People of Bali
I keep returning to Bali. Although I don’t think it’s as much me returning, as it is the island drawing me back into its loving grasp, its spiritual energy, its healing air. There is truly something magical about this land and the Balinese people.
In the morning I wake to the golden glow of sunlight coming through the white curtains of my villa. Outside I hear the crowing of roosters and the soft sounds of the island coming to life. I rise from my dream-filled sleep and have a breakfast of fresh fruit that I purchased from the small stand down the road. It is sweet and juicy, Bali has the most delicious fruit in the world, all grown on the island by local farmers.
As I finish my breakfast in the morning sunshine, a local woman passes by carrying a tray of offerings on her head. I could smell the burning incense from the offerings before she came into sight. She stops to smile at me and say hello; everyone here smiles and says hello. Dressed in traditional attire, she is bringing these offerings to the family temple where she will perform a small ceremony. She will place the offering on the altar, dip a hibiscus flower into the holy water and delicately flick the water off the petals as she mutters a prayer to receive blessings. This is followed by a weaving movement of her hands and a pause to feel the effect of the ritual. It is done a few times throughout the day and each time she will replace the old with new. Seeing these rituals happen every day, I feel humbled and appreciate the immense devotion the Balinese people have for their religion. I am reminded to pause, to take a moment in my day to be intentional, anchor myself in gratitude, and slow down.

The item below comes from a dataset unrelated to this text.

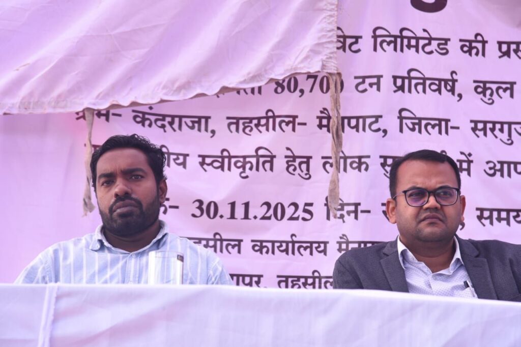 अम्बिकापुर 01 दिसम्बर 2025 जिले की तहसील मैनपाट के ग्राम कंडराजा में मेसर्स कुदरगढ़ी स्टील्स प्रा. लि. की प्रस्तावित बाक्साईट माइन परियोजना के लिए आयोजित जनसुनवाई कल दिनांक 30 नवंबर 2025 को संपन्न हुई। जनसुनवाई में लगभग 500 ग्रामीणों की उपस्थिति रही, जिनमें से 110 ग्रामीणों ने परियोजना के पक्ष एवं विपक्ष में अपने सुझाव तथा आपत्तियाँ प्रस्तुत कीं।

Around noon I hop on my scooter to head to a healthy cafe for lunch. Cruising around this tropical island on a scooter is one of the most freeing experiences I’ve had. Over the past decade, Bali has exploded into a health and wellness capital of the world. In the popular destinations like Canggu and Ubud, there are several cafés and restaurants serving up raw, vegan, or otherwise uber-healthy food. This is one of the reasons I love Bali so much; wherever I go, I know that I am only a short distance away from some delicious nourishment. Today I choose Alchemy Café in Penestanan, near Ubud. They offer up a make-your-own-salad bar stocked with the freshest of local vegetables. I also get a Jamun juice, which is a Balinese healing elixir of coconut water, turmeric, ginger, and lime.

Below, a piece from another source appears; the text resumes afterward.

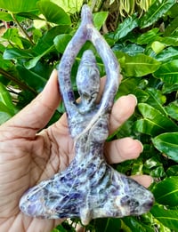 Embrace the calming and mystical energy of the Dream Amethyst Yoga Goddess Sculpture, a powerful symbol of balance, intuition, and inner peace. This handcrafted piece merges the divine feminine with the soothing vibrations of dream amethyst, also known as chevron amethyst. With its mesmerizing bands of purple and white, this stone is believed to enhance spiritual awareness, clarity, and emotional healing.

On my way back from lunch, driving through the village center, preparations for a festival or ceremony are in full swing. Men are sitting around in large groups on the sidewalk chatting, laughing, smoking, and drinking homemade palm wine (locally known as tuak). Women are hard at work preparing things at the family temple. I am reminded of the last time I was in Bali when the family I was staying with invited me to take part in a cremation ceremony for a recently deceased family member. I remember what a joyous occasion this was! In Balinese culture, this day of cremation is not a somber event like funerals are in western cultures. Instead, it is a day of celebration, a day where the entire community comes together to honor the life of those who have passed and to celebrate each other. Everyone is welcome, even outsiders like me were invited to join and share the experience. This is such a beautiful part of the Balinese culture; the smiles and good times and celebrations really are endless. I go home to relax and see that a fresh round of offerings has been placed on the altar.

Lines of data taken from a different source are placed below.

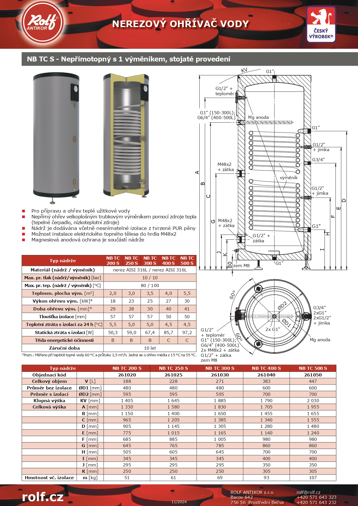 - Záruční doba na těsnost nádoby a trubkových výměníku 10 let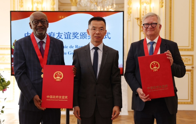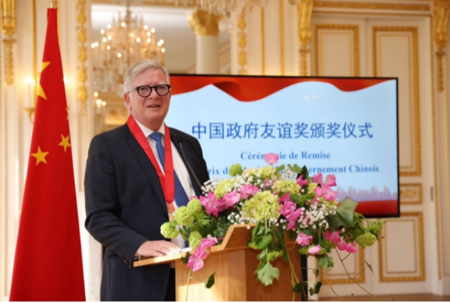 法國巴黎時(shí)間4月19日,中國駐法大使館隆重舉行2022年度中國政府友誼獎(jiǎng)?lì)C獎(jiǎng)儀式。駐法大使盧沙野代表中國政府向藍(lán)星安迪蘇首席執(zhí)行官讓馬克•杜布朗頒發(fā)中國政府友誼獎(jiǎng)獎(jiǎng)?wù)潞妥C書。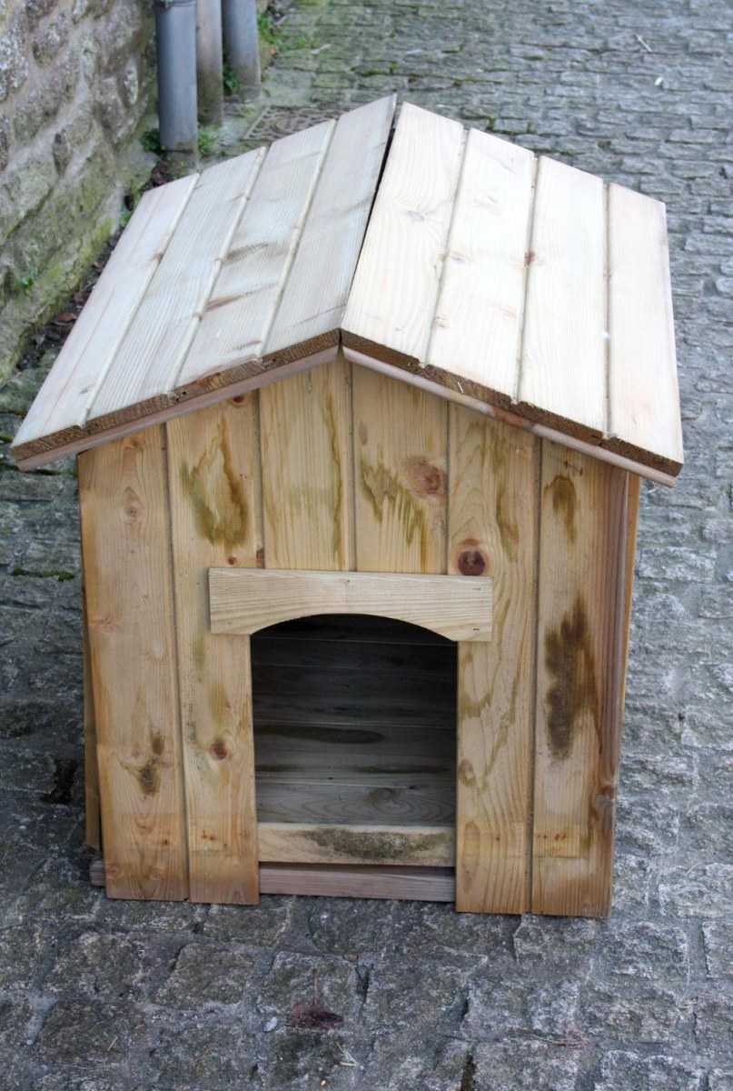 Решить подобную проблему можно, если пойти другим путем. Если сделать в будке потолок, то затем не будет никаких проблем и с двухскатной крышей. Несмотря на это, в любом случае крыша должна быть откидной на петлях, поскольку периодически придется дезинфицировать будку из-за того, что в ней предпочитают жить и размножаться блохи.

Evening might be my favourite time of day in Bali. The sun hangs low in the sky and the temperatures become comfortable. I head out for a walk to explore the rice fields in my neighbourhood. Many Balinese still work as rice farmers, living their lives by the cycle of the fields. First, they plow the fields — usually by hand, sometimes by machine, if they are wealthy enough — to get them ready for planting. Then they plant the rice in tiny clusters of four or five grains, one cluster at a time, evenly spaced in a perfect grid, until the field is covered. This takes several long days. The next few months consist of waiting, checking that the irrigation is working properly, making sure that that water level is exactly perfect, and watching the rice slowly grow and become ready for harvesting.
As I walk through the rice fields, watching the farmers go about their daily tasks, the sun begins to set and the whole landscape turns into a vivid painting. The sky turns pink, the cotton candy clouds illuminated in shades of purple and gold. The verdant green of the rice fields becomes even more saturated, and I am overcome by the beauty of the surreal scene.
As the suns masterpiece fades to more subdued hues, I head to Yellow Flower for dinner. Here they serve up a healthier version of Bali’s national dish, Nasi Campur. This delightful and delicious dish consists of a pile of white or red rice surrounded by stir-fried vegetables, tempeh, roasted peanuts, grated coconut, sambal (fresh chili sauce), and crispy shallots. Traditionally it is served on a large bamboo leaf.
Enjoying my last bites of this meal, I am struck by an overwhelming feeling of gratitude and happiness. It is no wonder I am drawn back to this island time after time when this is what daily life looks like here.